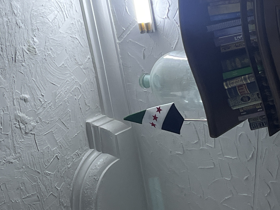 A miniature flag, featuring a green triangle on the left, a white middle band with three red stars, and a black right section, is positioned on a thin pole. The flag sits in front of a clear glass bottle. To the left, a white wall with textured plaster and decorative molding is visible. A bookcase filled with books obscures the right side. A light fixture is mounted above the bottle. The overall lighting appears soft.
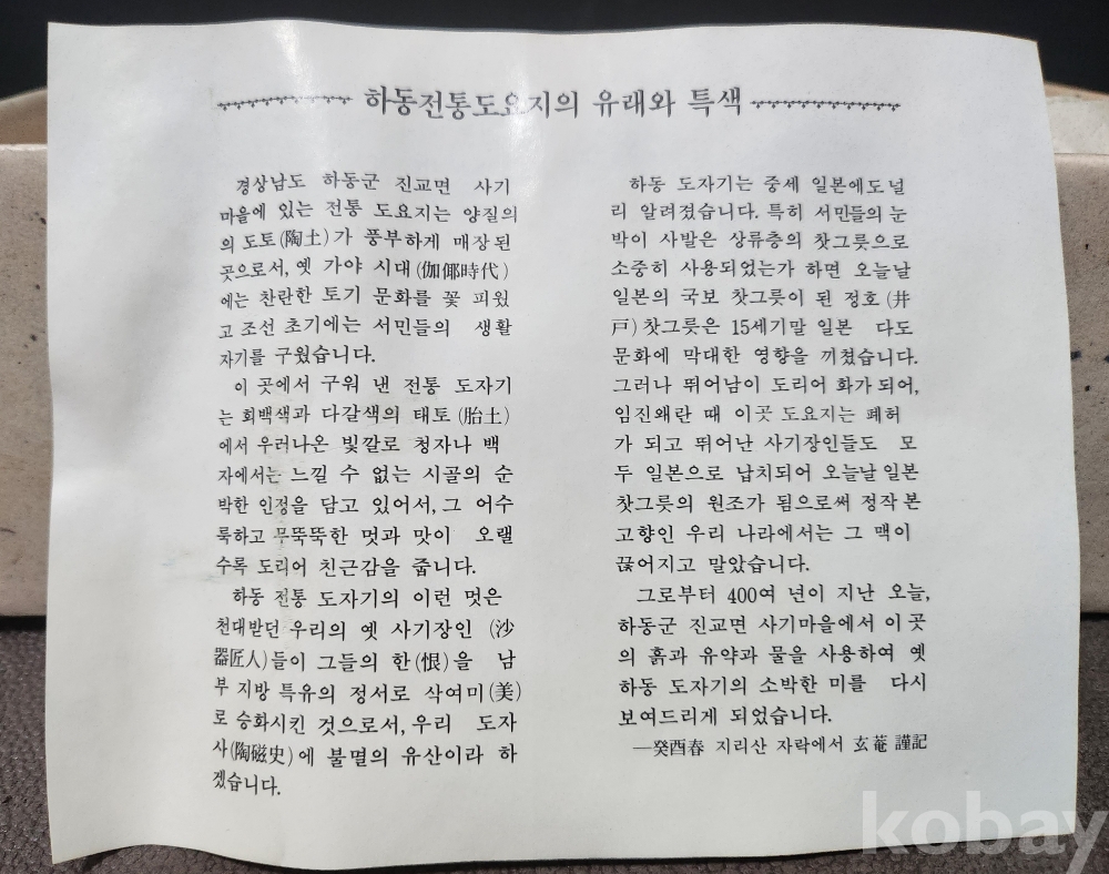 하동군 진교면 백련리 도자기의 우수성을 널리 알리고 있다.
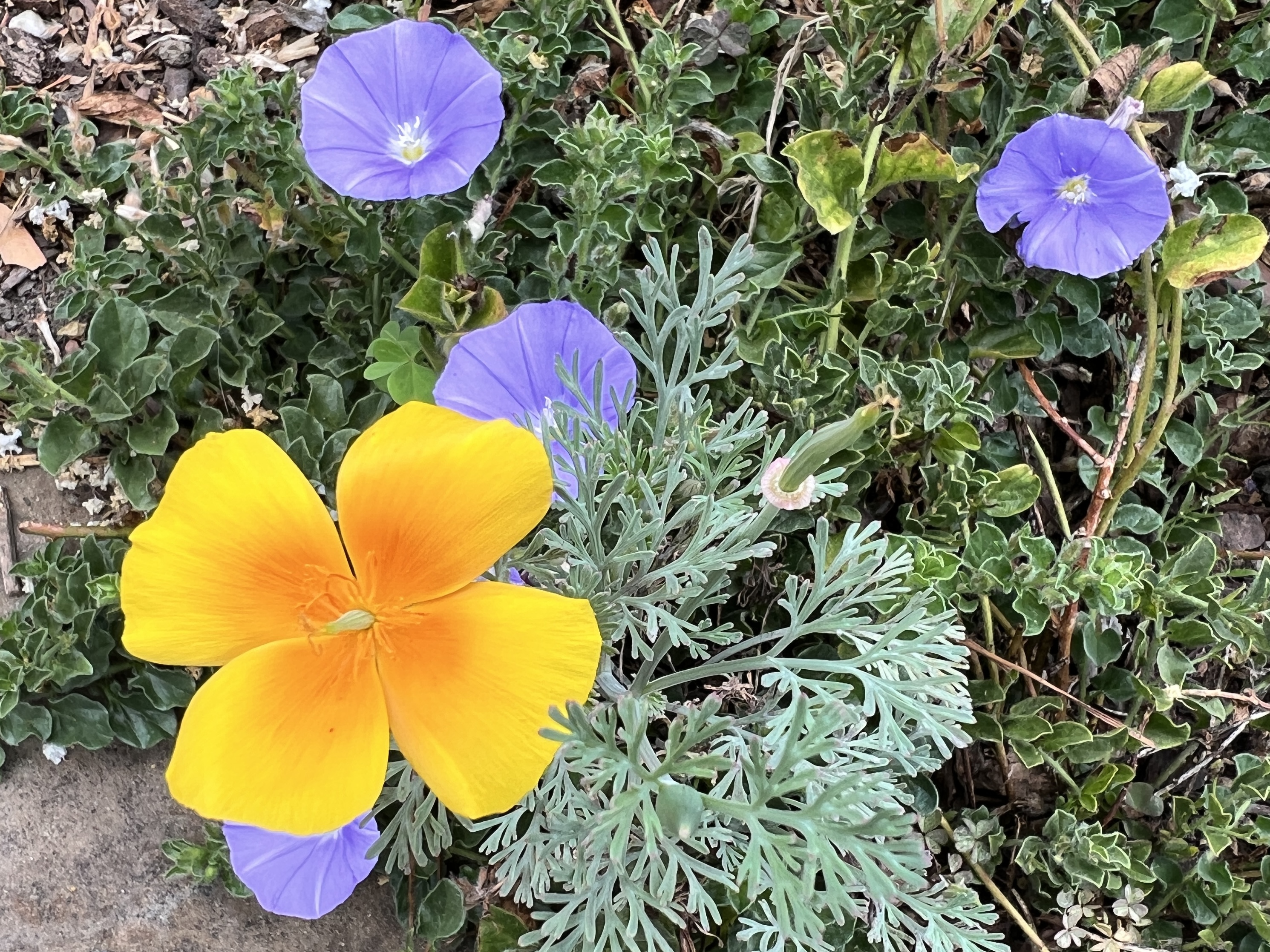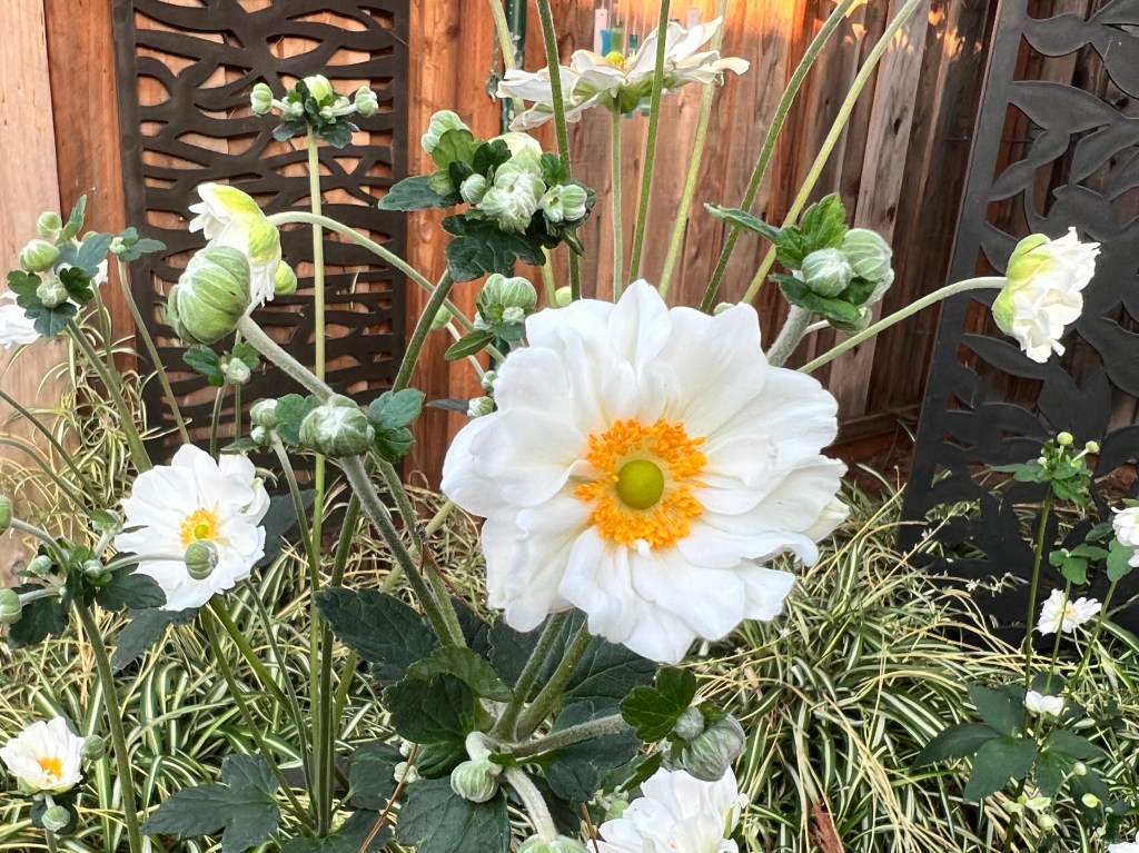 The rock wall is awash with white anemones that have grown quite tall this year, thanks to a good soaking rain this past winter.

===============

Exercise: Word for word, write out the full listing, leaving the pictures aside.

Final answer:
 A miniature flag, featuring a green triangle on the left, a white middle band with three red stars, and a black right section, is positioned on a thin pole. The flag sits in front of a clear glass bottle. To the left, a white wall with textured plaster and decorative molding is visible. A bookcase filled with books obscures the right side. A light fixture is mounted above the bottle. The overall lighting appears soft.
 하동군 진교면 백련리 도자기의 우수성을 널리 알리고 있다.
 The rock wall is awash with white anemones that have grown quite tall this year, thanks to a good soaking rain this past winter.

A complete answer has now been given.